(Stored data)
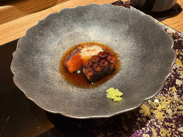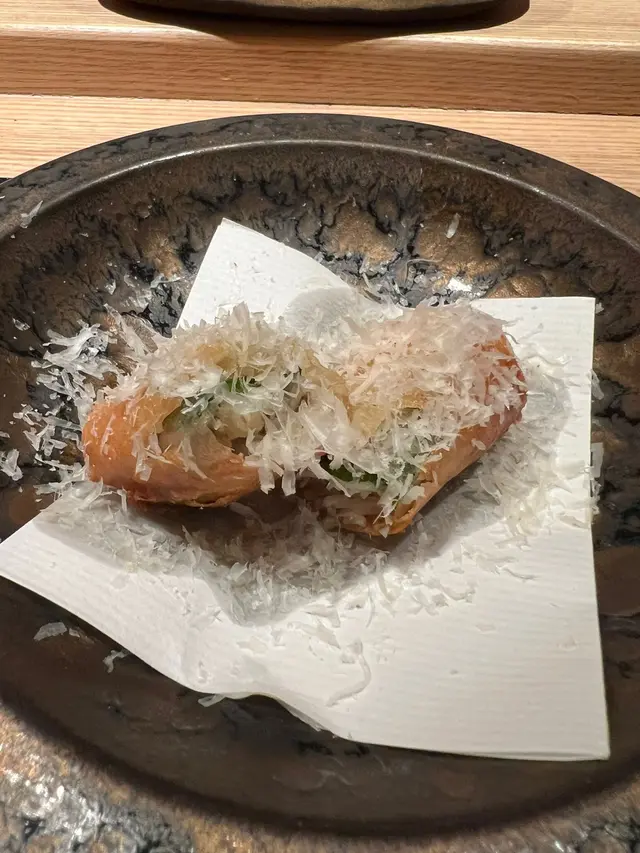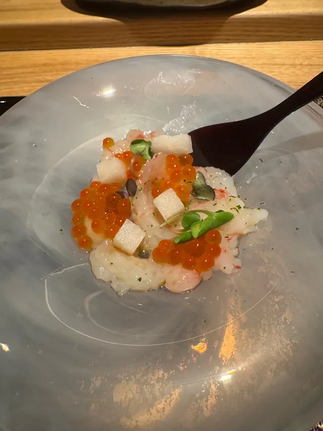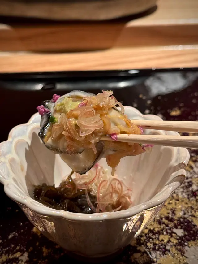 呢間omakase超級有誠意‼️每次去個menu都會有所改變🌸餐廳嘅外牆用咗黑色做主色,比人有一種神秘嘅感覺✨.🌟 網燒日月貝日月貝輕輕燒過再配上水雲同蕃茄🍅 貝類嘅鮮味同水雲嘅清新完美融合🌱 水雲食落去嘅口感滑溜,配上爽口嘅日月貝,好有層次.🐟 鮟鱇魚乾鮟鱇魚乾配上芽蔥同薑味嘅花🌸既香又唔膩,魚乾嘅咸香同薑嘅辛辣🌶️恰到好處,實在好開胃。.🐟青森縣拖羅春油脂非常豐富🈵 搭上茗荷花,淋上梅酒🍹醬汁,酸酸地,令人回味無窮🤭拖羅春嘅醇厚配上梅酒嘅清新🌱簡直係一場味蕾嘅盛宴😎.🐠馬駮魚師傅將馬駮魚燒過🔥魚皮脆口,肉質鮮嫩💦咬落去好有彈性😀.🐚赤貝 魷魚九州嘅赤貝、魷魚🦑海鮮嘅鮮甜令人欲罷不能🫣低層仲用左海膽同蝦膏整成醬汁💦鮮味level up ⬆️ .🦀蟹肉春卷脆口既春卷皮用紫蘇葉包住啖啖蟹肉🦀蟹籽,面層仲鋪滿左芝士碎,層次分明,口感豐富😍完全係食停唔到口‼️.🇯🇵北海道岩手縣海膽呢個配搭真係冇得輸🤭海膽入面加上蝦,鮮味十足,好想食完一杯又一杯🤣.🐠汁煮赤鱸魚赤鱸魚配茄子🍆味道相得益彰,魚肉滑嫩💦茄子吸收咗湯汁,咬落去非常入味。.🍣壽司1️⃣ 爐魚2️⃣ 北海道北寄貝3️⃣ 長崎縣嘅黑目魚全部都鮮味爆棚💥 特別係長崎縣嘅黑目魚,油脂豐富,口感滑順,令人陶醉☺️.甜點🍬黑糖蕨餅Read More
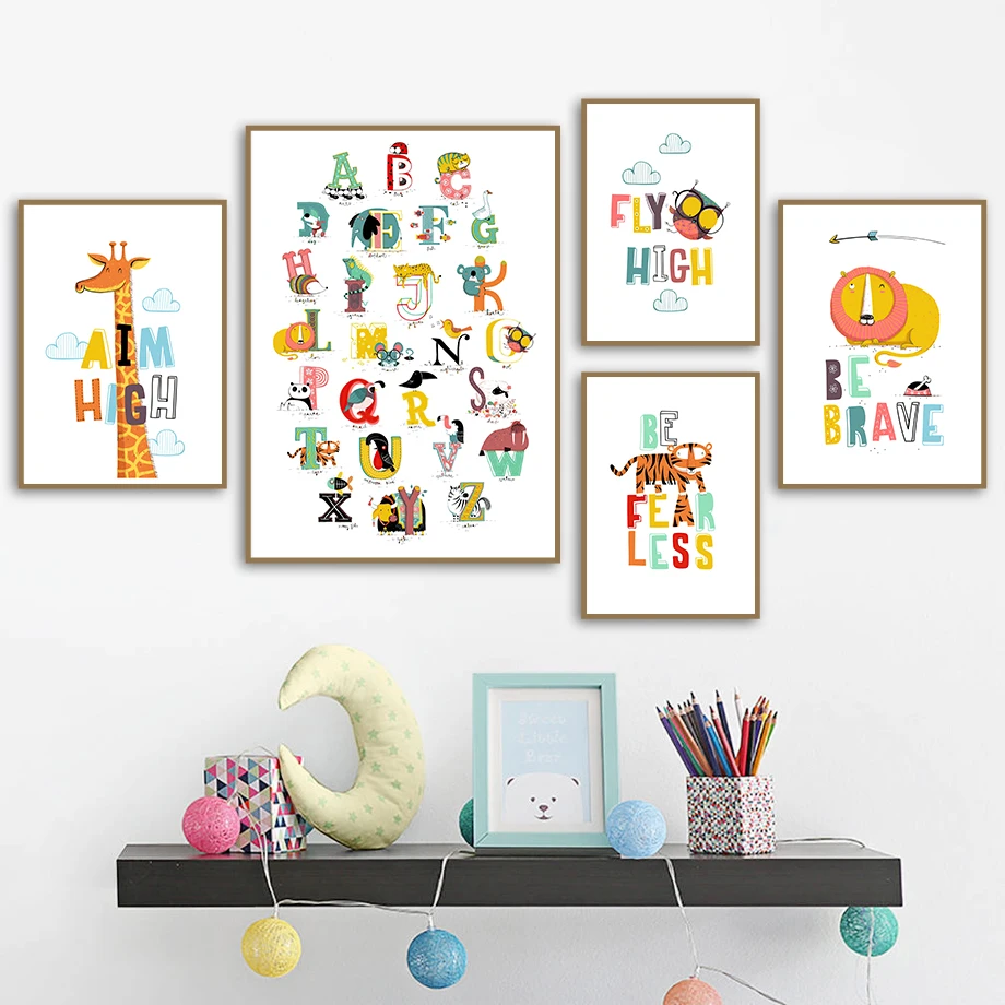 Картина на холсте Алфавит слон жираф панда тигр
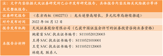 22Q1收入(+34.1%)和归母净利润(+30.26%)均实现快速增长,尤其扣非净利润3.11亿元,同比增长60.17%,营收增长主要系光通信市场回暖、智能电网产品、工业智能产品和海外市场需求增长所致,扣非利润高增长预计源于光纤光缆涨价的业绩弹性显现。
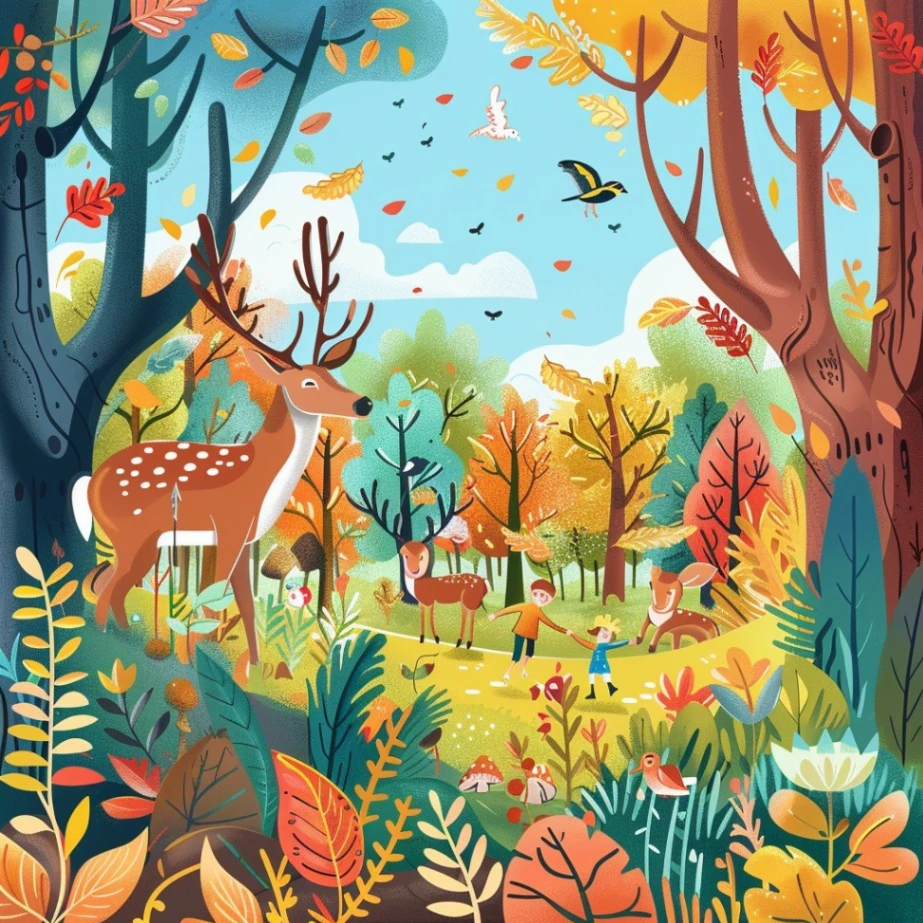 One of the best things about nature is the changing seasons. In the fall, the leaves turn bright red, orange, and yellow. It looks like the trees are wearing colorful coats! The air gets cooler, and it's fun to jump in piles of leaves. Seeing a deer with its white-spotted fawn is also a pleasure.
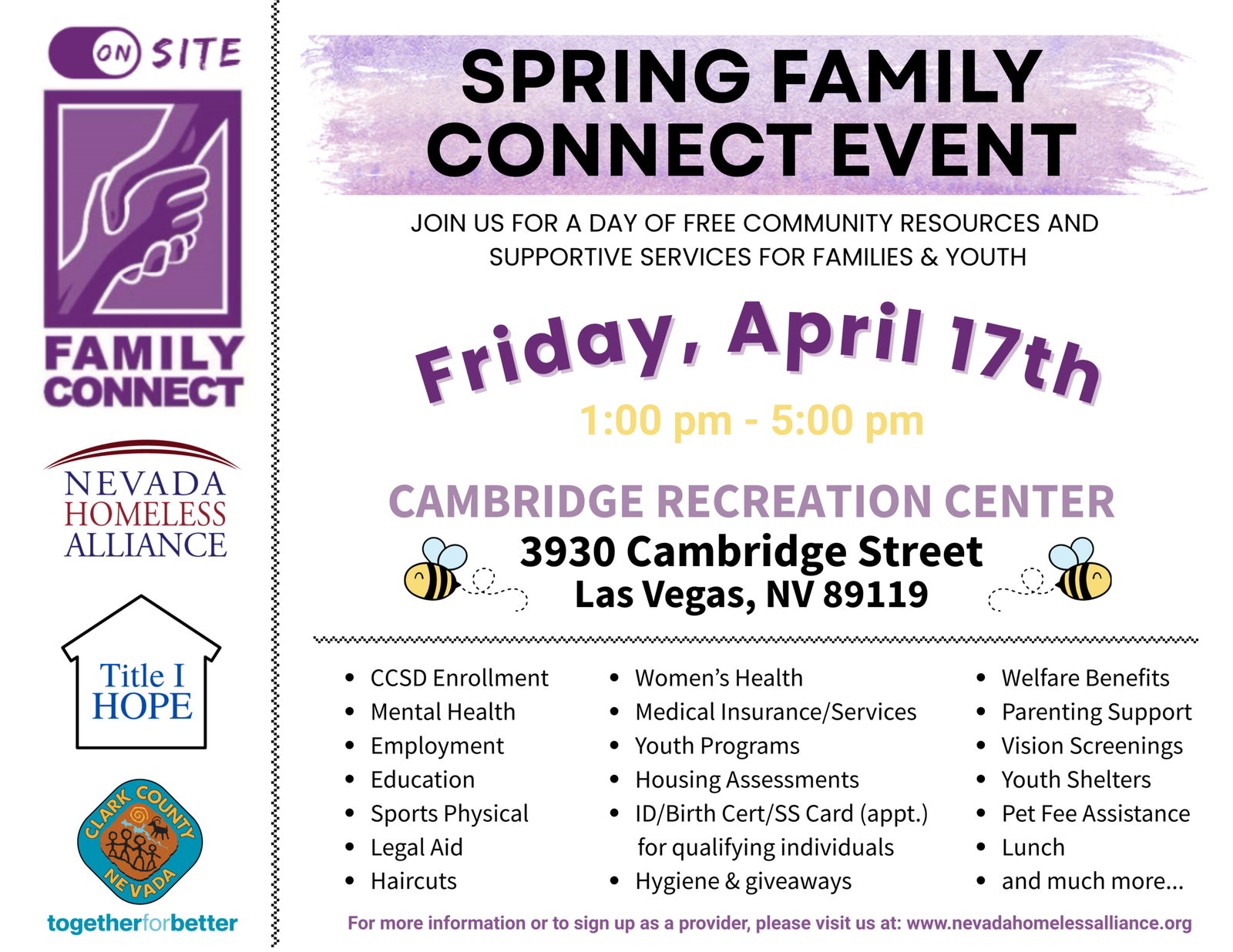 The Nevada Homeless Alliance works to end homelessness by connecting individuals and families to vital resources, including housing, healthcare, and employment support. Through initiatives like Project Homeless Connect, they foster collaboration and provide direct assistance to those in need.

**Work request**:
Set down each entry above word for word, without its pictures.

**Exercise solution**:
 呢間omakase超級有誠意‼️每次去個menu都會有所改變🌸餐廳嘅外牆用咗黑色做主色,比人有一種神秘嘅感覺✨.🌟 網燒日月貝日月貝輕輕燒過再配上水雲同蕃茄🍅 貝類嘅鮮味同水雲嘅清新完美融合🌱 水雲食落去嘅口感滑溜,配上爽口嘅日月貝,好有層次.🐟 鮟鱇魚乾鮟鱇魚乾配上芽蔥同薑味嘅花🌸既香又唔膩,魚乾嘅咸香同薑嘅辛辣🌶️恰到好處,實在好開胃。.🐟青森縣拖羅春油脂非常豐富🈵 搭上茗荷花,淋上梅酒🍹醬汁,酸酸地,令人回味無窮🤭拖羅春嘅醇厚配上梅酒嘅清新🌱簡直係一場味蕾嘅盛宴😎.🐠馬駮魚師傅將馬駮魚燒過🔥魚皮脆口,肉質鮮嫩💦咬落去好有彈性😀.🐚赤貝 魷魚九州嘅赤貝、魷魚🦑海鮮嘅鮮甜令人欲罷不能🫣低層仲用左海膽同蝦膏整成醬汁💦鮮味level up ⬆️ .🦀蟹肉春卷脆口既春卷皮用紫蘇葉包住啖啖蟹肉🦀蟹籽,面層仲鋪滿左芝士碎,層次分明,口感豐富😍完全係食停唔到口‼️.🇯🇵北海道岩手縣海膽呢個配搭真係冇得輸🤭海膽入面加上蝦,鮮味十足,好想食完一杯又一杯🤣.🐠汁煮赤鱸魚赤鱸魚配茄子🍆味道相得益彰,魚肉滑嫩💦茄子吸收咗湯汁,咬落去非常入味。.🍣壽司1️⃣ 爐魚2️⃣ 北海道北寄貝3️⃣ 長崎縣嘅黑目魚全部都鮮味爆棚💥 特別係長崎縣嘅黑目魚,油脂豐富,口感滑順,令人陶醉☺️.甜點🍬黑糖蕨餅Read More
 Картина на холсте Алфавит слон жираф панда тигр
 22Q1收入(+34.1%)和归母净利润(+30.26%)均实现快速增长,尤其扣非净利润3.11亿元,同比增长60.17%,营收增长主要系光通信市场回暖、智能电网产品、工业智能产品和海外市场需求增长所致,扣非利润高增长预计源于光纤光缆涨价的业绩弹性显现。
 One of the best things about nature is the changing seasons. In the fall, the leaves turn bright red, orange, and yellow. It looks like the trees are wearing colorful coats! The air gets cooler, and it's fun to jump in piles of leaves. Seeing a deer with its white-spotted fawn is also a pleasure.
 The Nevada Homeless Alliance works to end homelessness by connecting individuals and families to vital resources, including housing, healthcare, and employment support. Through initiatives like Project Homeless Connect, they foster collaboration and provide direct assistance to those in need.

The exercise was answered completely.